However, HTML5 does put competitive pressure on the product management and engineering teams responsible for the Flash Player to out-innovate the evolutions in browser technology. Adobe points out that this is “business as usual for them” as –they say- it was never their intention to fully replace the browser altogether, but rather complement its capabilities with innovative features, and harmonise areas in which standards have been implemented in an inconsistent fashion across browser runtimes.

As an engineering-driven company, Adobe aims for Flash to stay one step ahead of HTML5 technology implementations, as it already is today in numerous areas. Indeed, an agile R&D division within a single corporate entity will always be faster than a “snail driven by a committee” as the W3C HTML5 spec bodies have been dubbed by some.

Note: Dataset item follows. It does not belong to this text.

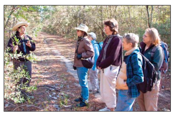
Houston Sierra Forestry Group on Beech Woods Trail

Some areas where Adobe is pushing the envelope for the Flash Player include 3D rendering with hardware acceleration, concurrency support, IP TVs and peer-to-peer media delivery. The latter is an interesting transposition of the file-sharing P2P concept; imagine tens of millions of users watching the same live video coverage of the opening ceremony of the 2012 Olympics in London. No server farm or CDN today is capable of sustaining such a peak demand. By allowing instances of the Flash Player across millions of peers to share chunks of the video stream at the edge of the network could be the answer to the problem.

Beyond innovation, another aspect to factor in is that HTML5 is still in its early stages of implementation across browsers, with Microsoft’s uber-popular Internet Explorer browser today lacking any form of HTML5 support whilst representing close to 60% of the web user base (see chart below). Even with the IE9 beta improving HTML5 support and other browsers consistently gaining market share it will still take some years before HTML5-capable desktop browsers dominate the installed base. This will justify the existence of Flash in the desktop browser space for years to come and give some leeway to Adobe’s engineering teams in designing more innovative capabilities.

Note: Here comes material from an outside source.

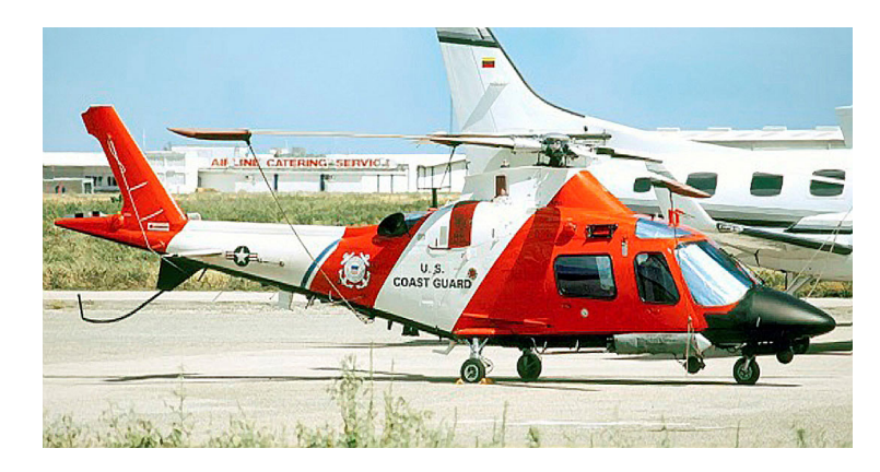
Covers, Plugs, HeatShields and related items for the Agusta MH-68A

Desktop browser market share

Company Browser HTML5 compliance
Microsoft Internet Explorer 9 beta 32%
Microsoft Internet Explorer 8 9%
Microsoft Internet Explorer 7 4%
Microsoft Internet Explorer 6 0%
Mozilla Firefox 4 beta 5 68%
Mozilla Firefox 3.6 46%
Mozilla Firefox 3.5 42%
Google Chrome v6 72%
Apple Safari v5 69%
Opera Opera browser v10 53%

Figure: Desktop web browsers users share and level of HTML5 compliance
(sources: wikipedia and test conducted with https://www.html5test.com)

Reality check: comparing Flash and HTML5 in key areas
So how is Flash vs HTML5 faring today? For review purposes we can single-out a few key areas of Flash and HTML5 competition, specifically display advertising, video delivery, games and application development.

Display Advertising: a slight advantage for Flash
One of the main use cases for Flash (and big source of annoyance to web users) is display advertising. “Display” adverts are animated banners that appear at the top, side or overlaid in front of the web content you. As annoying as they may be, display ads are a necessary evil for the online world since they represent 40% of the revenues that the digital content and e-commerce ecosystems live on. Even Google uses Flash in its DoubleClick Studio rich advert SDK for advertisers.

Some have said that because HTML5 will kill Flash, those annoying ads will disappear. I would rather think that they may be replaced by equivalents designed in HTML5/CSS3, with the caveat that they may look crappier in most of today’s browsers than their Flash counterparts, as can be seen from these examples.

Indeed a point often overlooked is that today’s HTML5 graphical rendering capabilities are at the level of what Flash capabilities were some years ago and CSS3 transforms allowing to design good “eye-candy” are inconsistently supported across browsers. Therefore I would argue that advertisers will hold back from using “HTML5” for display ad creation in the medium term. The lack of proper HTML5/CSS design tools will also delay this technology adoption by design agencies and creative professionals especially within  industry circles where Flash is deeply entrenched.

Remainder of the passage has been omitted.